Your copy should begin with the line containing "NT-0118 ダブルボタン カラー", end with the line containing "Disney’s Contemporary Resort, Contempo", match the listing below exactly, and contain no pictures.

"""

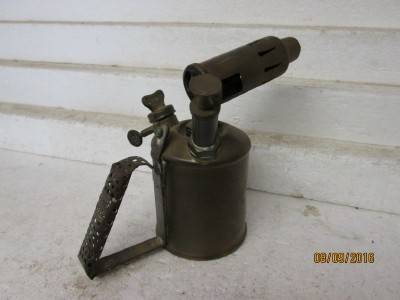 THIS BLOW TORCH LOOKS LIKE IT IS COMPLETELY MADE FROM BRASS, EXCEPT THE METAL HANDLE.
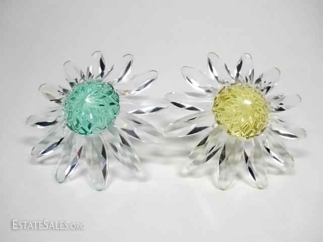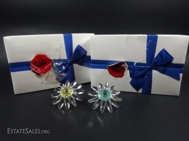 LOT 18: 2 PC SWAROVSKI CRYSTAL MARGUERITE FLOWERS SCS LIMITED EDITION
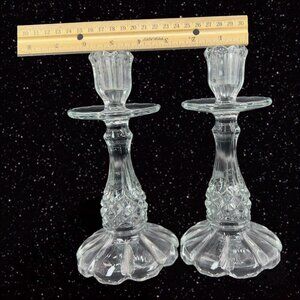 Antique Clear Glass Candle Stick Holder Set 2 Tapper Glass Manganese UV Green
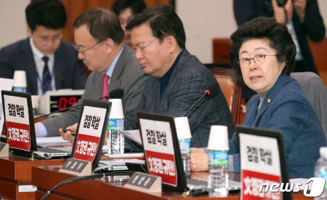 이은재 자유한국당 의원이 10일 서울 여의도 국회에서 열린 법제사법위원회에서 더불어민주당 의원들과 법무부장관이 불출석한 상황에서 검찰인사에 관한 발언을 하고 있다. 2020.1.10/뉴스1 © News1
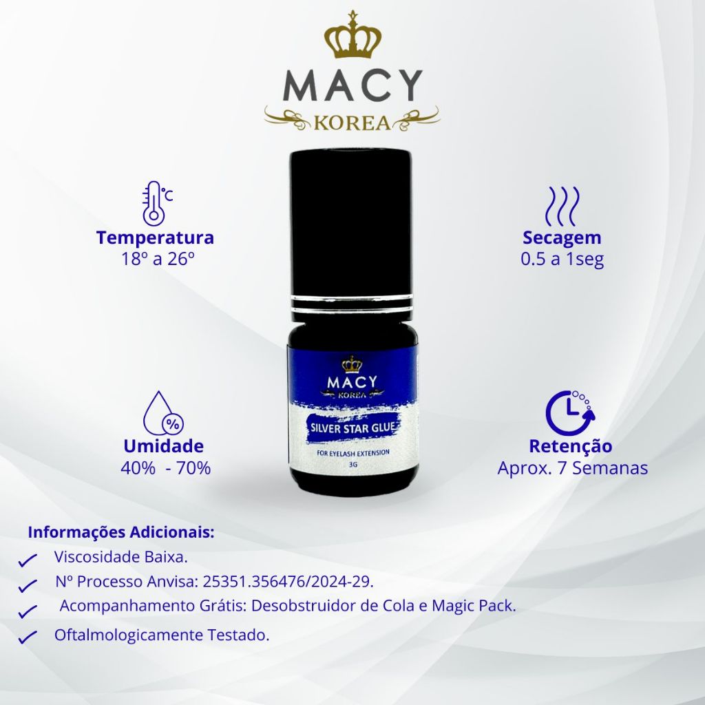 COLA MACY SILVER A Cola Macy Silver Macy Silver foi desenvolvida com a mais avançada tecnologia Nano B+, que proporciona eficiência excepcional para os profissionais de extensão de cílios. A tecnologia Nano B+ da cola Macy Silver traz uma retenção superior, mantendo os cílios firmes e no lugar por até 7 semanas. Sua polimerização rápida, com tempo de secagem de 0,5 a 1 segundo, agiliza o processo de aplicação, permitindo que os profissionais trabalhem de forma rápida e precisa. Uma das principais vantagens desta cola é o seu baixo odor, garantindo uma experiência mais agradável tanto para a extensionista de cílios quanto para a cliente. Informações adicionais: Registro Anvisa: 25351.356476/2024-29 Composição: Ethyl cyanoacrylate, Ethyl-2 Cyanocrylate, PMMA, CI77266 Retenção: Aproximadamente 7 semanas Tempo de curagem: 0,5 a 1 seg Temperatura ambiente: 18° a 26° graus Umidade indicada: 40% a 70% Viscosidade: Baixa Acompanhamento Grátis: Magic pack e Desobstruidor de Cola ATENÇÃO: Produto indicado somente para profissionais da área de extensão de cílios. O produto não é indicado para colar tufos e cílios postiços. A Sobelle não se responsabiliza por mau uso do produto. em caso de contato com a pele ou olhos, lave imediatamente com água corrente e consulte um médico.
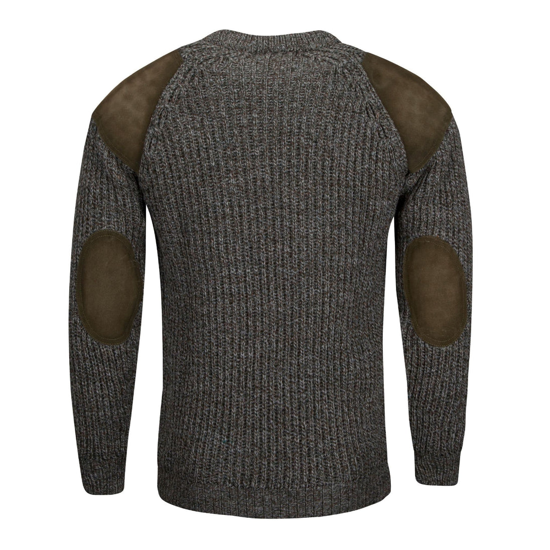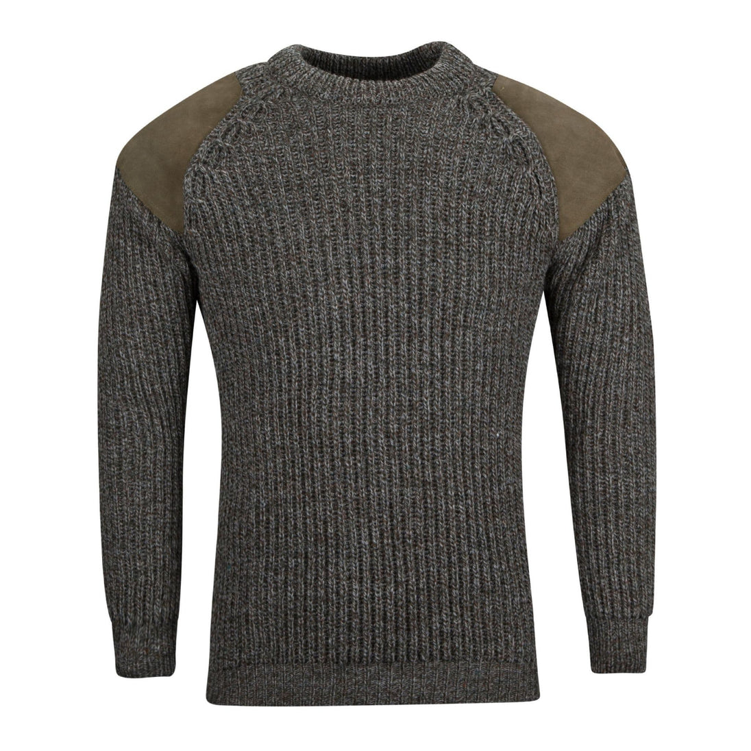 Pure British Wool Countryman Patch Crew Neck Derby Tweed Arran Jumper
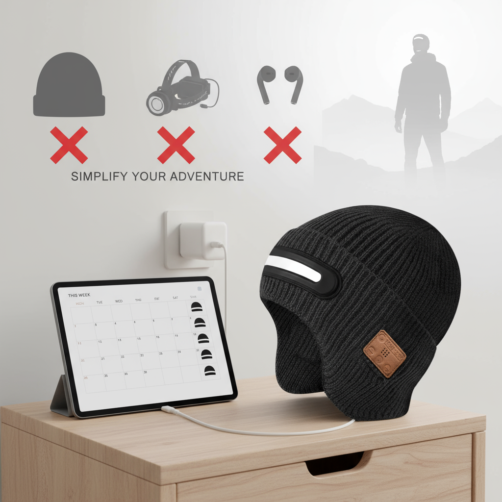 Stop managing three separate batteries and three separate devices. The Winter Bluetooth Beacon Beanie consolidates your beanie, headlamp, and wireless audio into one integrated solution you charge once per week. Your research identifies decision fatigue and battery anxiety as the #2 friction point for customers currently buying separate gear—they're tracking which device died, rewrapping cables, and spending mental energy on gear management instead of on their workout or commute. The Beacon eliminates this. One beanie on Sunday night, one charge, and you're ready for the entire week of dark-weather outings. This simplicity compounds: fewer decisions, fewer failure points, fewer moments of frustration before you even start moving.​
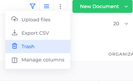 To permanently delete or restore documents from the Trash, select the documents you want to manage and then click the corresponding green button in the bottom-right corner to perform the desired action.
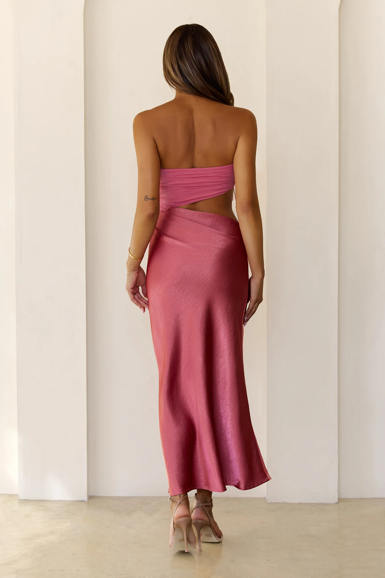 Dusk Luxe Satin Strapless Maxi Dress Rose
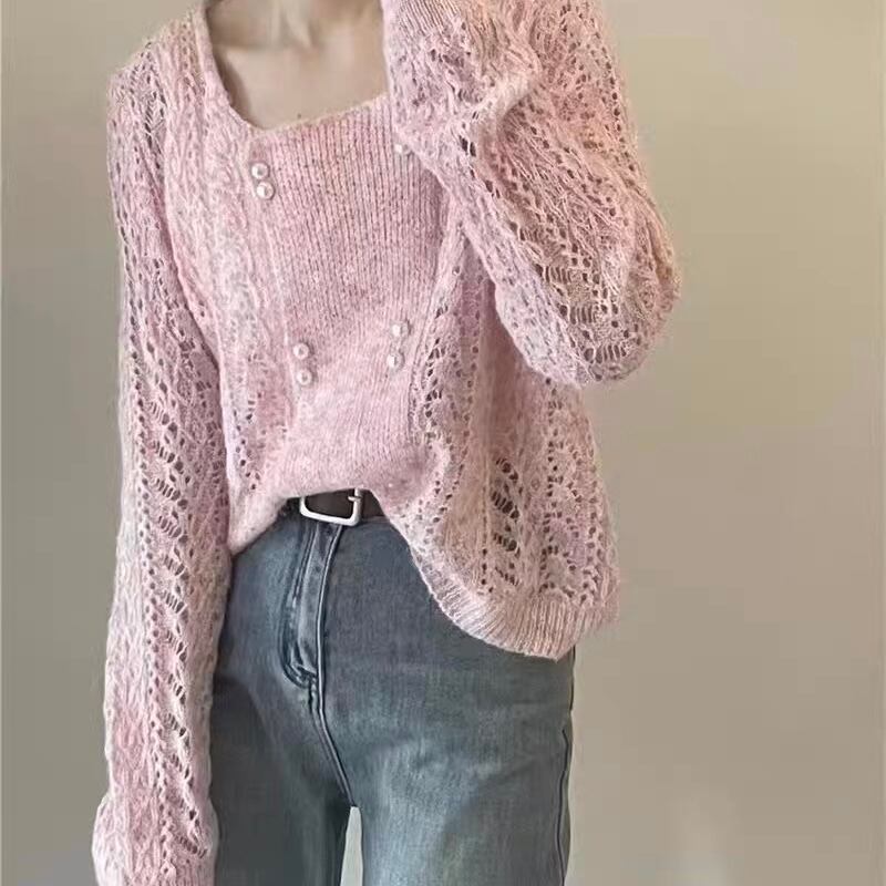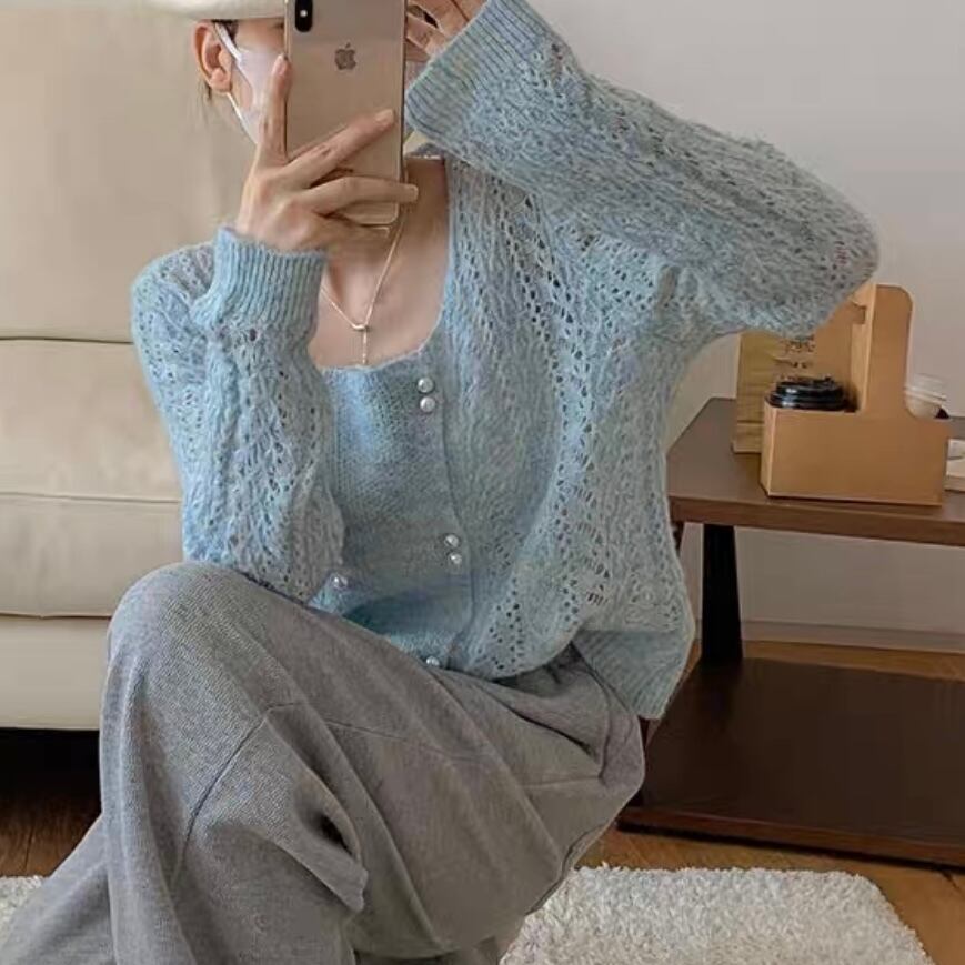 NT-0118 ダブルボタン カラー ニット カーディガン トップス 長袖 レディース カジュアル シンプル 可愛い 上品お洒落
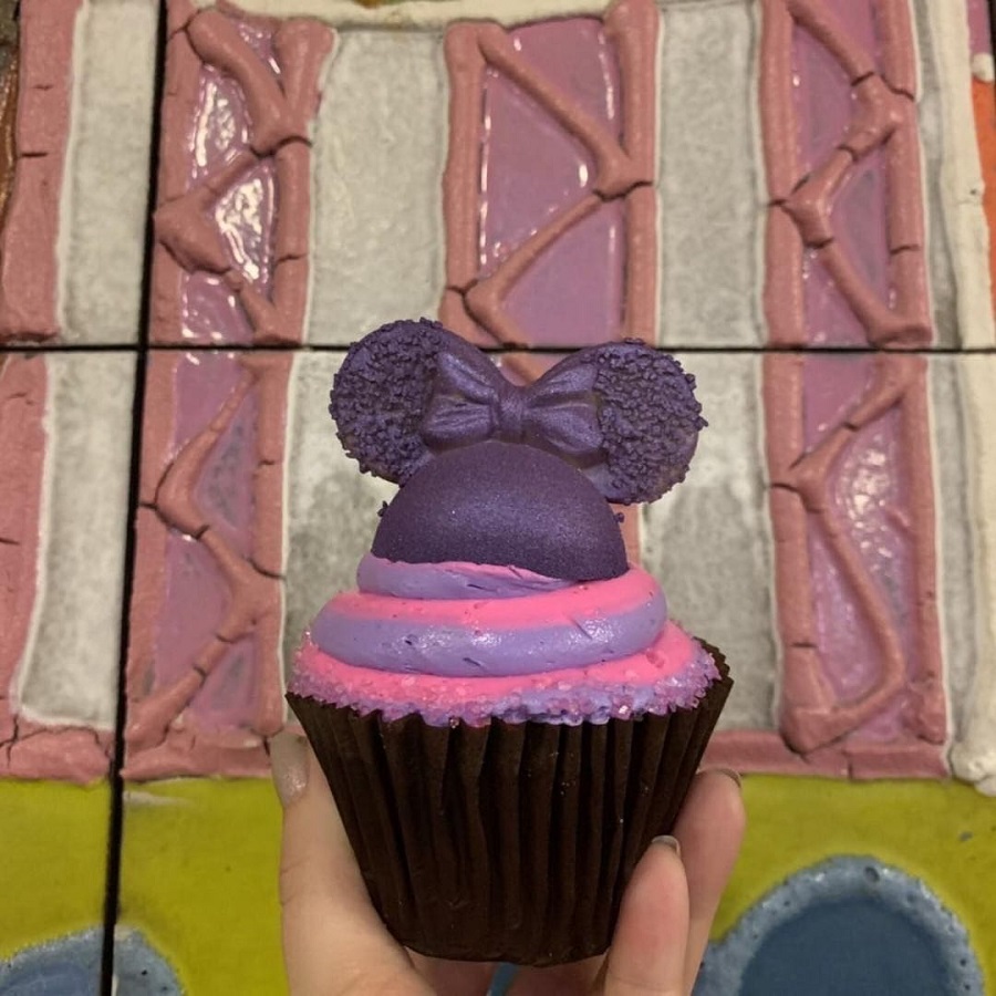 Disney’s Contemporary Resort, Contempo Café: A strawberry cupcake filled with purple sprinkles topped with lavender buttercream and purple Minnie ears
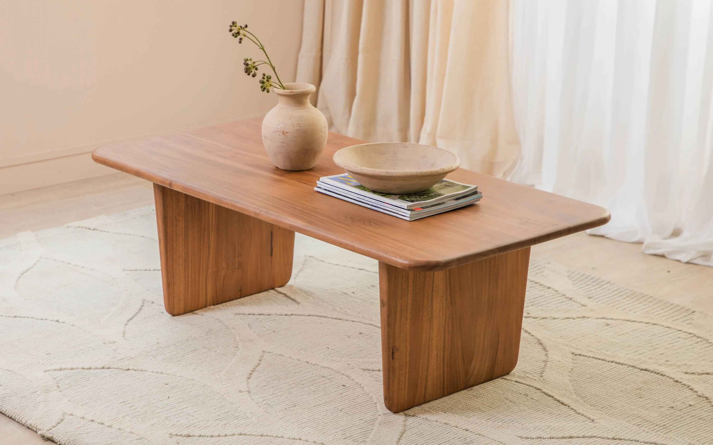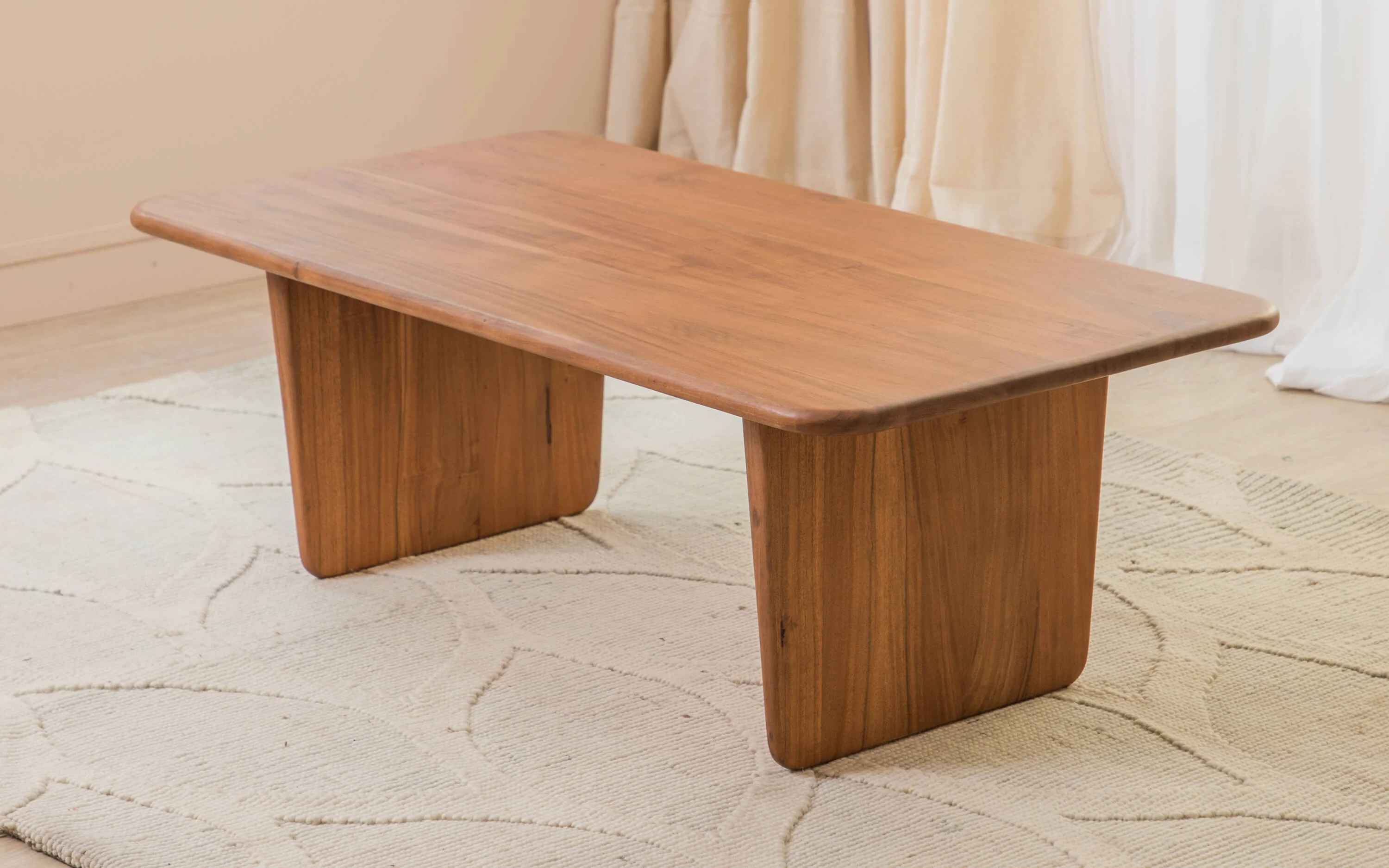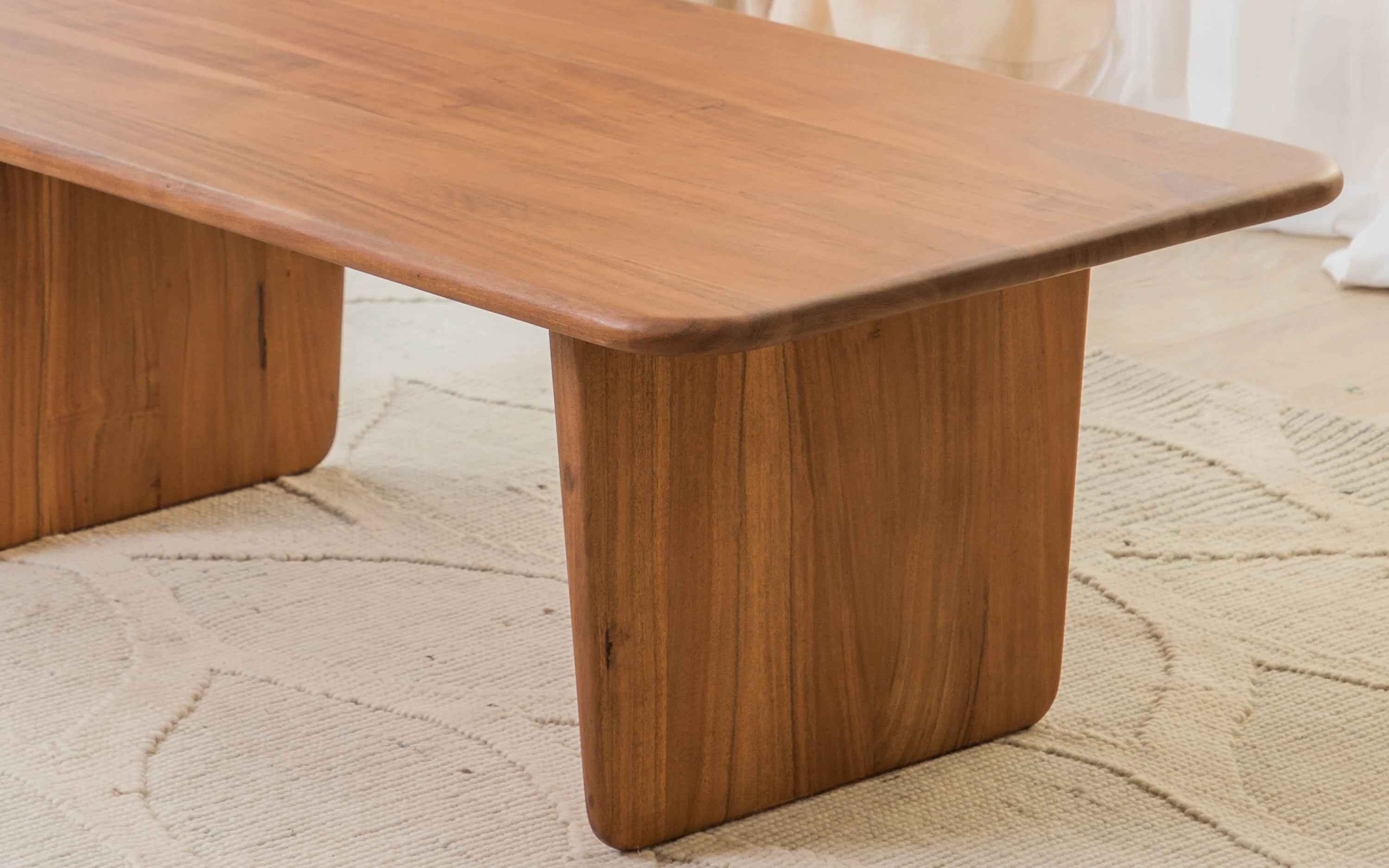 Upgrade your home with the refined elegance and grace of our Riku coffee table which stands out with a rectangular shaped tabletop. its bold curves contrast with inset solid wooden slab legs. The instalment of the Riku Coffee table in the versatile modern living room features a solid construction with acacia wood with its light autumn brown finish reflecting a pleasing look. Riku is the perfect surface to rest a cup of tea or current read. "Depending on your screen settings and resolution on your device there may be a slight variance in fabric color and wood polish of the image and actual product. Wood grains will vary from product to product in case of solid wood furniture."

"""

Answer below
 NT-0118 ダブルボタン カラー ニット カーディガン トップス 長袖 レディース カジュアル シンプル 可愛い 上品お洒落
 Disney’s Contemporary Resort, Contempo Café: A strawberry cupcake filled with purple sprinkles topped with lavender buttercream and purple Minnie ears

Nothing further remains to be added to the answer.